* _Action item_
Copy down every line of the data that follows exactly. Omit the pictures.

* _Data provided_

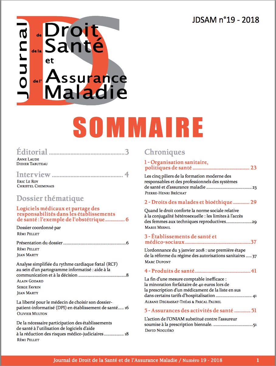 A l’heure du développement de l’intelligence artificielle et de la multiplicité d’outils permettant de faciliter l’exercice de l’art médical, le dossier du JDSAM coordonné par le professeur Rémi Pellet analyse les enjeux juridiques des logiciels médicaux et la question du partage des responsabilités dans les établissements de santé, à l’aune de l’expérience de l’obstétrique.
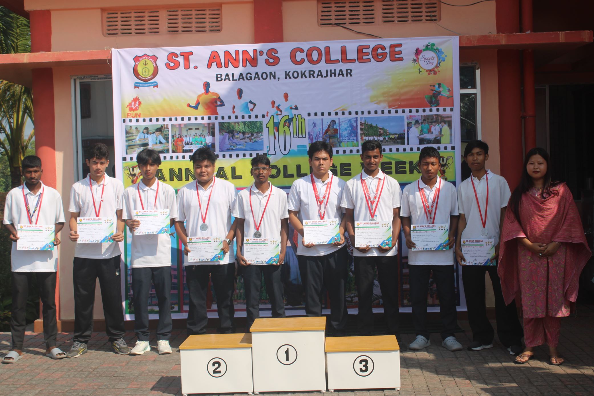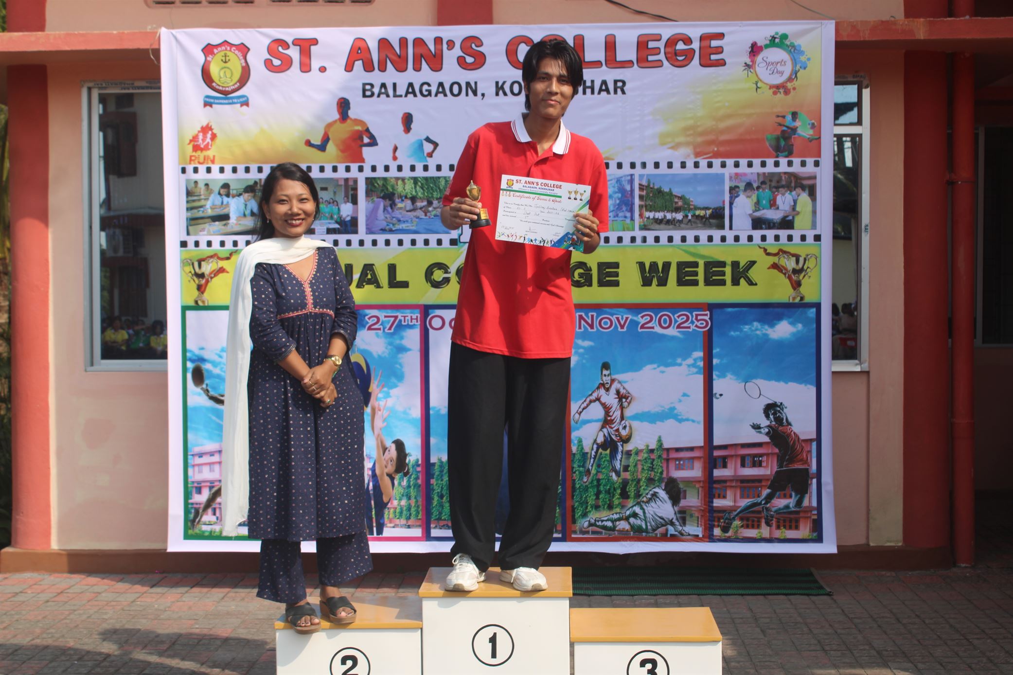 Description :The 16th Annual College Week of St. Ann’s College began with great excitement and enthusiasm. Day 1 featured a vibrant start with the Drill Competition, showcasing discipline and coordination among the students. The day continued with thrilling racing eve
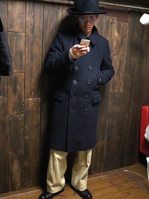 ショットのピーコートもアメリカ軍に納品していた歴史のあるアイテム。ハットと US NAVYのサービスシューズでフォーマルな装いになっています。ピーコートの無駄のないシンプルなシルエットを生かしたコーディネートです。

* _Exercise solution_
 A l’heure du développement de l’intelligence artificielle et de la multiplicité d’outils permettant de faciliter l’exercice de l’art médical, le dossier du JDSAM coordonné par le professeur Rémi Pellet analyse les enjeux juridiques des logiciels médicaux et la question du partage des responsabilités dans les établissements de santé, à l’aune de l’expérience de l’obstétrique.
 Description :The 16th Annual College Week of St. Ann’s College began with great excitement and enthusiasm. Day 1 featured a vibrant start with the Drill Competition, showcasing discipline and coordination among the students. The day continued with thrilling racing eve
 ショットのピーコートもアメリカ軍に納品していた歴史のあるアイテム。ハットと US NAVYのサービスシューズでフォーマルな装いになっています。ピーコートの無駄のないシンプルなシルエットを生かしたコーディネートです。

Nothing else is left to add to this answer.